Anniversaire et ambitions pour Recticel

Anniversaire et ambitions pour Recticel

RECTICEL INSULATION FÊTE LES 10 ANS DE SON USINE DE BOURGES. UNE BELLE ÉTAPE POUR LE GROUPE, QUI A RÉCEMMENT CÉDÉ SES AUTRES ACTIVITÉS POUR SE CONCENTRER SUR LA SEULE FABRICATION DE PANNEAUX D’ISOLATION EN POLYURÉTHANE. ET DE SURCROÎT L’OCCASION D’ANNONCER DES INVESTISSEMENTS ET DES OBJECTIFS ASSUMÉS POUR LES ANNÉES À VENIR.

Une décennie de production en France, ça se fête ! Recticel l’a bien compris, et a placé sous ce signe les festivités et célébrations à l’usine de Bourges. Inauguré officiellement en février 2013, le site, implanté à quelques kilomètres de la ville bien connue pour son « Printemps », a fabriqué ses premiers panneaux d’isolation en octobre 2012. Sans arrêter de gagner en productivité depuis. Une illustration chiffrée vaut mieux qu’un long discours : en 2013, la production annuelle de l’usine berruyère s’élevait à 150 000 m3 de panneaux ; en 2021, les 500 000 m3 ont été atteints. « Et l’objectif pour 2022 est de dépasser les 600 000 m3 », ajoute Cédric Bara, directeur des opérations isolation pour la France et responsable de l’usine de Bourges.
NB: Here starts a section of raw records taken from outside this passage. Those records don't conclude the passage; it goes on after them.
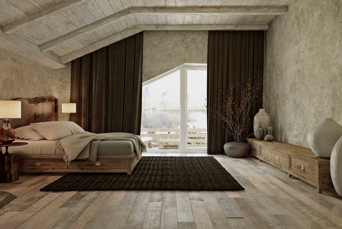 В спальне может выражаться через использование минималистичной мебели, натуральных тканей и светильников с теплым светом. Комната становится местом покоя, где каждая деталь напоминает о прекрасном в простоте.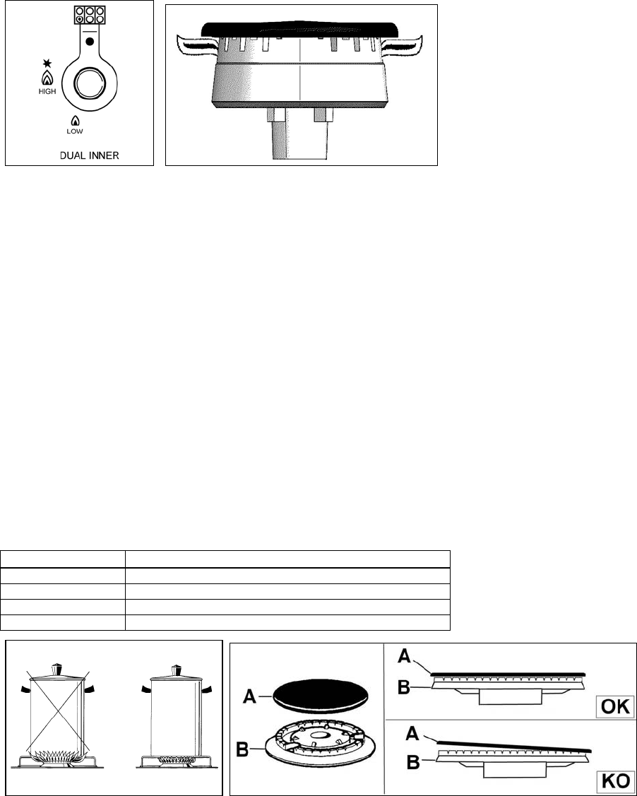 Note: Dual burner is composed by two burner (inside and outside); each one operates under the relative gas valve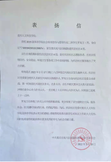在这次火险灭火中我院罗岚方同学表现积极、顾全大局、服务社会,充分展现了当代大学生应有的责任与担当,加之,其在寒假期间作为社区防疫志愿者,为社区疫情防控、安全稳定和环境卫生等方面做出了突出贡献,因此中共重庆市南川区南城街道庆岩社区委员会特向beat365官网罗岚方同学提出表扬,并向学校表示感谢希望学校能培养更多优秀学子为社会贡献力量。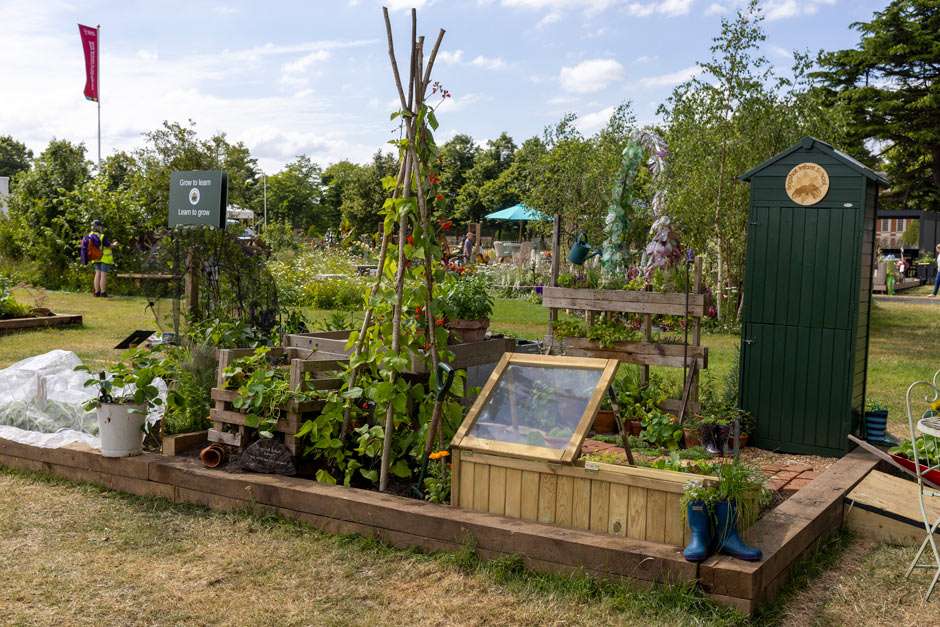 Timber was widely used across the Show in brilliant and creative fashion. Edging, seats and walkways were all made from warm-toned wood. This included many recycled elements, such as using scaffold planks to make tables and hand-made chairs.

Une nouvelle ligne devrait bientôt être implantée dans l’usine de Bourges.

Extension de ligne
Si la filière des matières premières suit – et notamment l’approvisionnement en MDI (méthylène diphényl diisocyanate, un composant indispensable à la fabrication du polyuréthane [PU] et dont les producteurs mondiaux se comptent sur les doigts d’une seule main) –, l’objectif semble atteignable. Mais il ne s’agirait que d’une étape dans un plan de croissance encore plus ambitieux : atteindre 900 000 m3 dès 2023 ou 2024, en intégrant au site « une extension de ligne » permettant d’augmenter la capacité totale de l’usine. Une seconde ligne – ou plutôt une ligne 1 bis – qui sera un bel atout pour réaliser les objectifs annoncés, mais qui ne fera pas tout selon Cédric Bara : « L’optimisation capacitaire de l’usine passe surtout par une quête perpétuelle des petits gains : repenser les méthodologies de travail, retravailler les phases d’enchaînement des panneaux, optimiser les capteurs, améliorer la vitesse… »

Cette évolution sera la bienvenue car « le marché est porteur et en croissance ». Pour preuve, le Syndicat national des polyuréthanes (SNPU) a dévoilé en mars dernier une évolution de 15,3 % de la mise en oeuvre d’isolants en PU sur 2021, qui atteint 31,4 millions de m2. Si la part des isolants en PU demeure relativement faible sur le marché global des isolants thermiques face aux mastodontes que sont les isolants minéraux notamment (laine de verre et laine de roche), elle poursuit néanmoins sa croissance régulière : de 5 % en 2010, le PU a grignoté progressivement des parts pour représenter aujourd’hui environ 12 % du marché. Et le potentiel est là : sur un marché où la culture du PU est mieux implantée, comme en Grande- Bretagne, cette part grimpe à 40 %…

 

Les 500 000 m3 de panneaux ont été atteints sur l’année 2021.